§ Assigned task: Only one stretch of the material below is wanted: everything from the line containing "Dois Nintendo Wii." down to the line containing "京东上门新鲜富硒可生食鸡蛋30枚鲜鸡蛋无抗生鲜礼盒装谷物农场", both ends included. Repeat it exactly and skip the pictures.

§ Extracted entries:
=== Begin Enclosure ===

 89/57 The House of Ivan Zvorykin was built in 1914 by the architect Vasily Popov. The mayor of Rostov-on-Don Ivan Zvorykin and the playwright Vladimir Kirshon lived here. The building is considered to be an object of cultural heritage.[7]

=== End Enclosure ===
=== Begin Enclosure ===

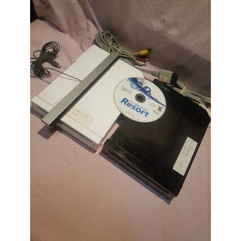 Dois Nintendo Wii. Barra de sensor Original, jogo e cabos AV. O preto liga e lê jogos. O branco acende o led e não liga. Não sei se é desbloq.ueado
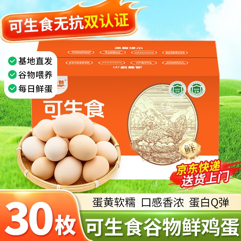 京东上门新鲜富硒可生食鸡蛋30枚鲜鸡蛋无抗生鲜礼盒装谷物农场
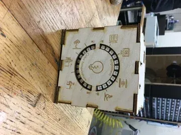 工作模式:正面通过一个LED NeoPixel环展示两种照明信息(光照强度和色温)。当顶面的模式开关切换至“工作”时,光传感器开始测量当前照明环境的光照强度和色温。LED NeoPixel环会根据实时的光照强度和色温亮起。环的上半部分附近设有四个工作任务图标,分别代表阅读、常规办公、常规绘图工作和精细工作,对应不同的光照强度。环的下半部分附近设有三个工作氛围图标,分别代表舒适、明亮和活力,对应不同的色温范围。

=== End Enclosure ===
=== Begin Enclosure ===

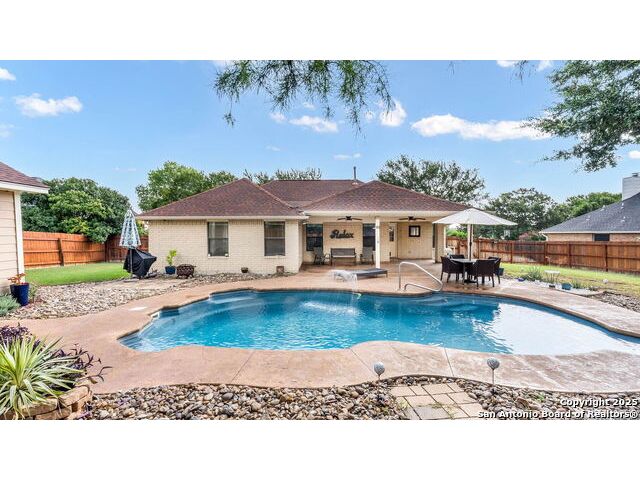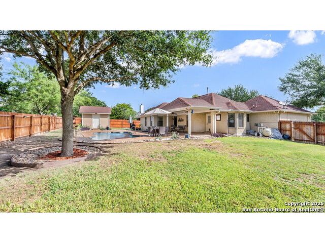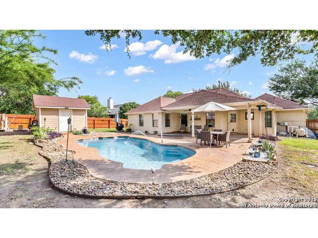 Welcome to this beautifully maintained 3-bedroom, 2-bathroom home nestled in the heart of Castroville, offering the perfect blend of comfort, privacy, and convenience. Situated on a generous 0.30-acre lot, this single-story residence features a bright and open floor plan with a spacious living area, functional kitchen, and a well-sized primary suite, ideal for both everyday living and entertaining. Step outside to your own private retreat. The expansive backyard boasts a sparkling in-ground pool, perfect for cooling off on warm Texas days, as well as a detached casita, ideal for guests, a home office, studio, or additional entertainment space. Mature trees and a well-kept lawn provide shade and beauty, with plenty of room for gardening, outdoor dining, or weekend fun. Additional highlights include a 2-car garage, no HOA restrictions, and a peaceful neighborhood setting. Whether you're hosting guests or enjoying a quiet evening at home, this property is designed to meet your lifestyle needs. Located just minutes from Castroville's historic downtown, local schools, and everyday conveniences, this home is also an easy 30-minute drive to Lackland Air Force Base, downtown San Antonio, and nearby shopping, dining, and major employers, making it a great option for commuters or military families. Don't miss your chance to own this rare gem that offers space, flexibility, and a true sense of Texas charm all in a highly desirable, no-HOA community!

=== End Enclosure ===

§ Task answer:
 Dois Nintendo Wii. Barra de sensor Original, jogo e cabos AV. O preto liga e lê jogos. O branco acende o led e não liga. Não sei se é desbloq.ueado
 京东上门新鲜富硒可生食鸡蛋30枚鲜鸡蛋无抗生鲜礼盒装谷物农场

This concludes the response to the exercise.